ENTRIES PROVIDED section start
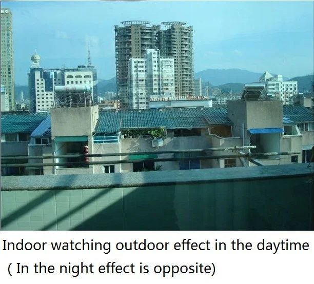 1. Это односторонняя зеркальная пленка. Сам по себе прозрачный, эффект конфиденциальности зависит от контрастности светильник
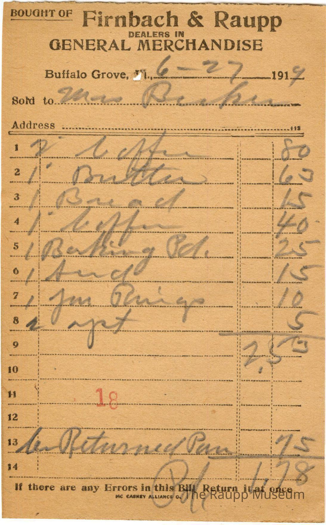 One (1) Firnbach and Raupp store receipt from June 27, 1919. Receipt is rectangular with black printed text and written notes in pencil. The receipt is for Mrs. Becker, who bought two coffee for $0.80, one butter for $0.63, one bread for $0.15, one coffee for $0.40, one baking pd (powder) for $0.25, one seed (?) for $0.15, one jar rings for $0.10, and two yst (yeast) for $0.05. The bill total is $2.53. In addition, Cr. returned pan for a credit of $0.75. The final bill total is $1.78.
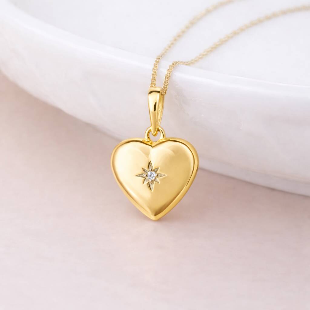 Personalised Gold Plated Sterling Silver North Star Heart Locket Necklace With Photos
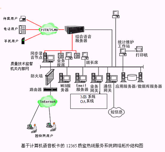基于計算機語音板卡的12365質(zhì)監(jiān)熱線服務系統(tǒng)網(wǎng)絡拓撲結(jié)構(gòu)圖
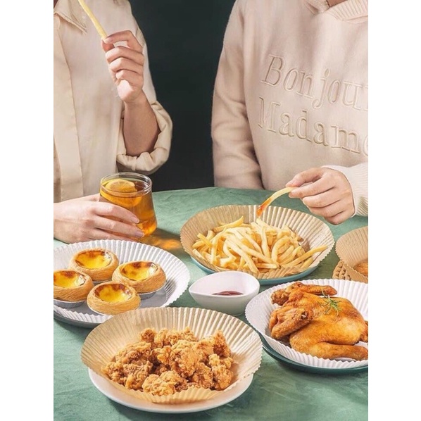 Giới thiệu Giấy nến vàng khay lót nồi chiên không dầu 1 tệp 50 tờ cực tiện không gây hỏng nồi
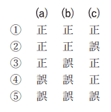 図は、春のある日の9時の天気図(上図)と、この天気図に示したA、B、Cのいずれかの観測点におけるラジオゾンデで観測した気温、湿度、風速、風向の鉛直分布図(下図)である。これらの鉛直分布図について述べた次の文(a)~(c)の下線部の正誤の組み合わせとして正しいものを、下記の①~⑤の中から1つ選べ。
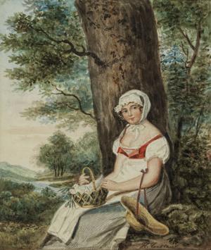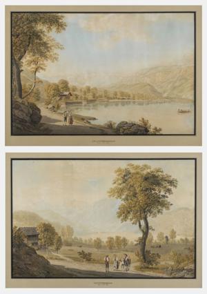 Paire de lavis: vue de lac et montagne et paysans et vache, l'un...
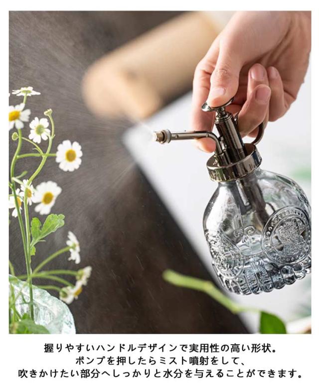 葉水 レトロ感 レトロ感 ミストスプレー ガラス 霧吹き おしゃれ ミストスプレーボトル スプレー スプレー容器 じょうろ 水やり 霧吹き 観葉植物 ガーデニング 園芸 お掃除 水やりボトル かわいい 高級感 インテリア雑貨 花 植物 透明 ディスペンサー
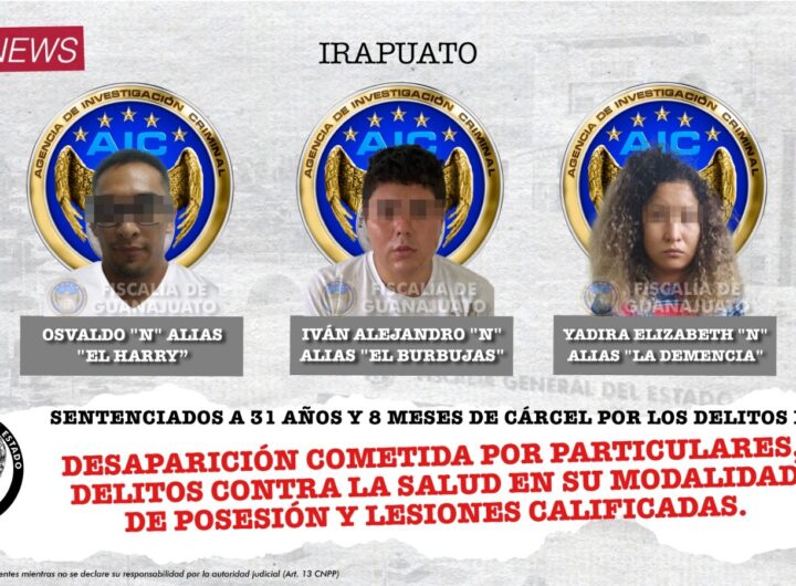 Irapuato, Gto., 10 de octubre de 2023.- La Fiscalía de Guanajuato logró que los integrantes de una...
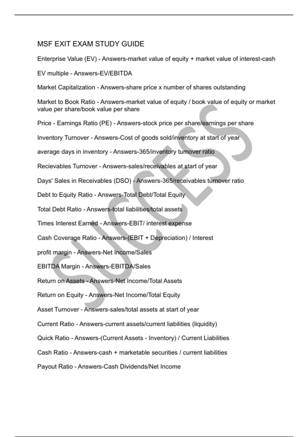 MSF EXIT EXAM STUDY GUIDE
ENTRIES PROVIDED section end
> DIRECTIONS FOR THIS TASK: Only the lines from the line containing "図は、春のある日の9時の天気" through the end of the material should be retyped, exactly and in full, with no pictures.

> TASK RESULT:
 図は、春のある日の9時の天気図(上図)と、この天気図に示したA、B、Cのいずれかの観測点におけるラジオゾンデで観測した気温、湿度、風速、風向の鉛直分布図(下図)である。これらの鉛直分布図について述べた次の文(a)~(c)の下線部の正誤の組み合わせとして正しいものを、下記の①~⑤の中から1つ選べ。
 Paire de lavis: vue de lac et montagne et paysans et vache, l'un...
 葉水 レトロ感 レトロ感 ミストスプレー ガラス 霧吹き おしゃれ ミストスプレーボトル スプレー スプレー容器 じょうろ 水やり 霧吹き 観葉植物 ガーデニング 園芸 お掃除 水やりボトル かわいい 高級感 インテリア雑貨 花 植物 透明 ディスペンサー
 Irapuato, Gto., 10 de octubre de 2023.- La Fiscalía de Guanajuato logró que los integrantes de una...
 MSF EXIT EXAM STUDY GUIDE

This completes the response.